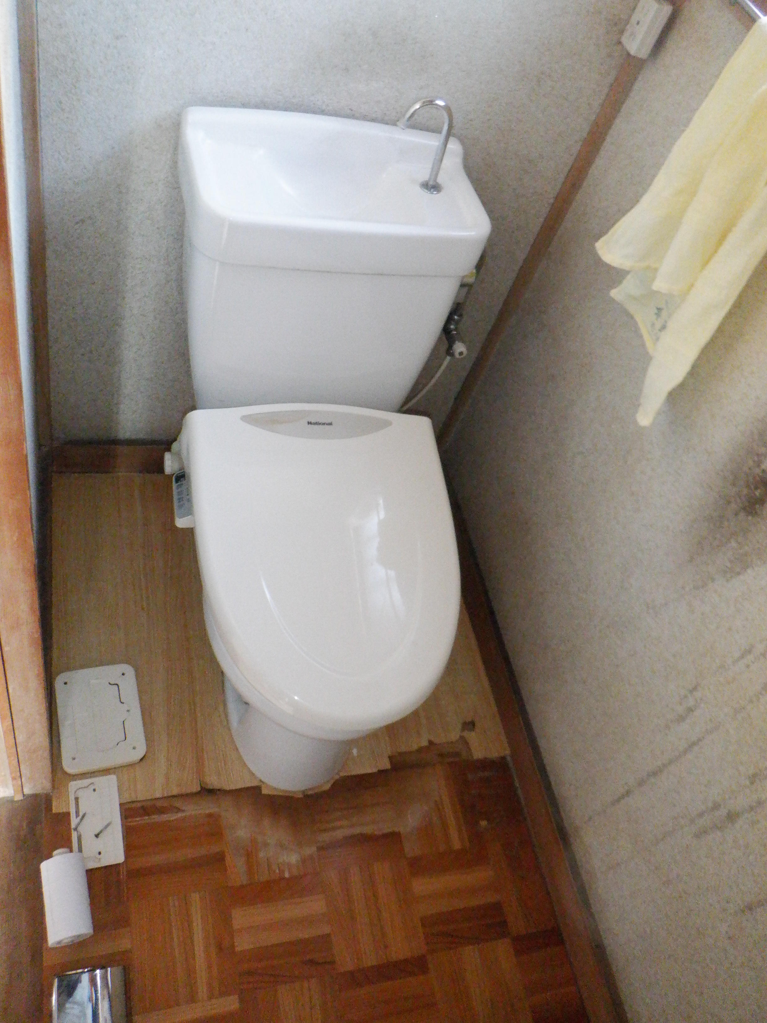 トイレはだいぶ昔のものだったので新しく節水トイレに交換しました。同時に、床が湿気でボコボコしていたり、きしんでいたりしていたので、根太かえら補強し直しました。床やクロスも貼り替え、新しく明るい空間に仕上がりました。
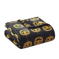 Kate Aurora Halloween Pumpkins Bats Rustic Orange & White Ultra Soft & Plush Throw Blankets
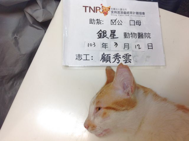 花色: 橘白虎斑 誘捕地點: 喵喵茶後巷
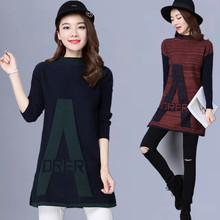 2016秋冬新款大码显瘦长袖中长款套头女毛衣打底裙旗袍针织连衣裙
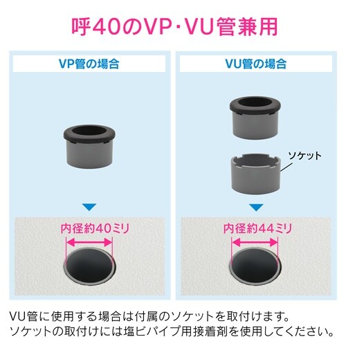 床面の排水用呼40塩ビ管と排水管をつなぐアダプターです。 |

○ ○ ○ ○ ○

[Task item] The answer must be the exact lines from the line with "2016秋冬新款大码显瘦长袖中长款套头女毛衣打底裙旗袍针织连衣裙" to the final line of the data, both ends included, with no pictures.

[Problem solution]
 2016秋冬新款大码显瘦长袖中长款套头女毛衣打底裙旗袍针织连衣裙
 床面の排水用呼40塩ビ管と排水管をつなぐアダプターです。 |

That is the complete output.